7. We are of opinion that the decision of this Court is one which we ought to follow. It has not, as far as we know, been doubted by any subsequent decision and we believe it to be in accordance with what was intended by the Civil Procedure Code. If it was intended that there should be any general rule that in every case where evidence is taken on a question of fact the parties would be entitled to the decision of two Courts, such general intention would have been expressed in the Code. On second appeal we are precluded by the Code from going into facts, and that restriction of our powers is not confined only to cases where the evidence is taken in the first Court. If it was intended that we should go into and discuss the evidence taken by the Lower Appellate Court, we should expect to find an exception providing for that event included in the section which deals with our powers in second appeals. In our opinion we cannot go into the facts. So it remains for us to see whether there is any exception to be taken to the findings arrived at by the lower Court. Those findings are expressly directed to the issues which were laid down for the decision of the Lower Appellate Court by this Court. As to the first issue the first portion of it, it is true, is answered in favour of the appellant, but the second portion is answered against him, and it is found that he did not purchase in good faith or for fair value. Therefore, the first question is not answered in the negative, one portion of it being answered in the affirmative. It follows, therefore, according to the decision in this case that the plaintiff fails. We are not competent in appeal after remand, to question in any way that decision of this Court in the case.
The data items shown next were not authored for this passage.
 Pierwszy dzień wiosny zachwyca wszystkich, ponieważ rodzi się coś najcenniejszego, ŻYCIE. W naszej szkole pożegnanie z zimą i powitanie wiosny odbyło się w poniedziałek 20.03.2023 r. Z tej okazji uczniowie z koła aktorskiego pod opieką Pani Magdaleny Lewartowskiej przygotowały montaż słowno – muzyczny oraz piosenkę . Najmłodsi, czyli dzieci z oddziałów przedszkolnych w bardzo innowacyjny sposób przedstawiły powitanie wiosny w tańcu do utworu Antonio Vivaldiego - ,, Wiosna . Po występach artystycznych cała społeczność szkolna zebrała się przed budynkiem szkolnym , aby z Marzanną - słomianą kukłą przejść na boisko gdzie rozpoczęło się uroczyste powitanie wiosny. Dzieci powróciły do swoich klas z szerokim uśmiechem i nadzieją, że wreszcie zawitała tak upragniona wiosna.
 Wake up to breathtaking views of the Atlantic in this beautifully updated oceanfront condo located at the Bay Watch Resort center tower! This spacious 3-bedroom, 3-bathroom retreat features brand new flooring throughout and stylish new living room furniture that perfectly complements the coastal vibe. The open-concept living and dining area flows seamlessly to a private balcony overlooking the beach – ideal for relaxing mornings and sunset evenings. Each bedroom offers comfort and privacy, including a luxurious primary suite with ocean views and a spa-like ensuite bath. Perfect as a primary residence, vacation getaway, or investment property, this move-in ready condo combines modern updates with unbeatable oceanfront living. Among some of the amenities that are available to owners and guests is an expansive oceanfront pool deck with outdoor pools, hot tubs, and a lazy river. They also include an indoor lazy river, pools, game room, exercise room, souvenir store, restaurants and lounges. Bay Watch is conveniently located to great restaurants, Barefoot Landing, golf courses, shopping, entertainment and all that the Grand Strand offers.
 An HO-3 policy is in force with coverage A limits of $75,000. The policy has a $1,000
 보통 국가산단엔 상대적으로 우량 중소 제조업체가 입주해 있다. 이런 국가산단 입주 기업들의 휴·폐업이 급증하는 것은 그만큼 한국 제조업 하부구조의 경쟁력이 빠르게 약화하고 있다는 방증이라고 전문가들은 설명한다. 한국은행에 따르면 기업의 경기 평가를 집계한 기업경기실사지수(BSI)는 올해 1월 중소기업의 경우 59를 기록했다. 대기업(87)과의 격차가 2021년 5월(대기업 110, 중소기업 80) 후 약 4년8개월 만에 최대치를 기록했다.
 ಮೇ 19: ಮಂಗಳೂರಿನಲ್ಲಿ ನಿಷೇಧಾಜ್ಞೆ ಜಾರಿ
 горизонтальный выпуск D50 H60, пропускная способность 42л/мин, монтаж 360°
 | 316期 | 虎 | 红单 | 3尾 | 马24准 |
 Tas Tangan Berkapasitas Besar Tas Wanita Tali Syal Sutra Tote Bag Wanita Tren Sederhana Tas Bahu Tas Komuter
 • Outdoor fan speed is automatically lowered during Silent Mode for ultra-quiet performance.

8. Some observation were addressed to us as to whether the arrangement in this case could be treated otherwise than one come to in good faith. There is undoubtedly evidence upon which the Lower Appellate Court could arrive at the conclusion it has come to in this matter. Leaving aside everything else, the arrangement as to the gift of the garden and house to the son is one which any Court dealing with facts must have viewed with the greatest suspicion, even if it did not affirm that it tainted the whole transaction with fraud. An arrangement of that kind could only have been come to for the purpose of defeating at any rate some classes of creditors. It is difficult to conceive how it could be otherwise. That circumstance of itself is abundant evidence upon which the learned Judge could arrive at the conclusion he has come to.
9. With regard to the other question, that has been found in the affirmative. Therefore the plaintiff fails.
10. In our opinion this appeal fails, and must be dismissed with costs. In order to prevent any misapprehension as to the effect of our judgment, we think we ought to make it by saying that appeal is dismissed, and the suit stands dismissed with all costs.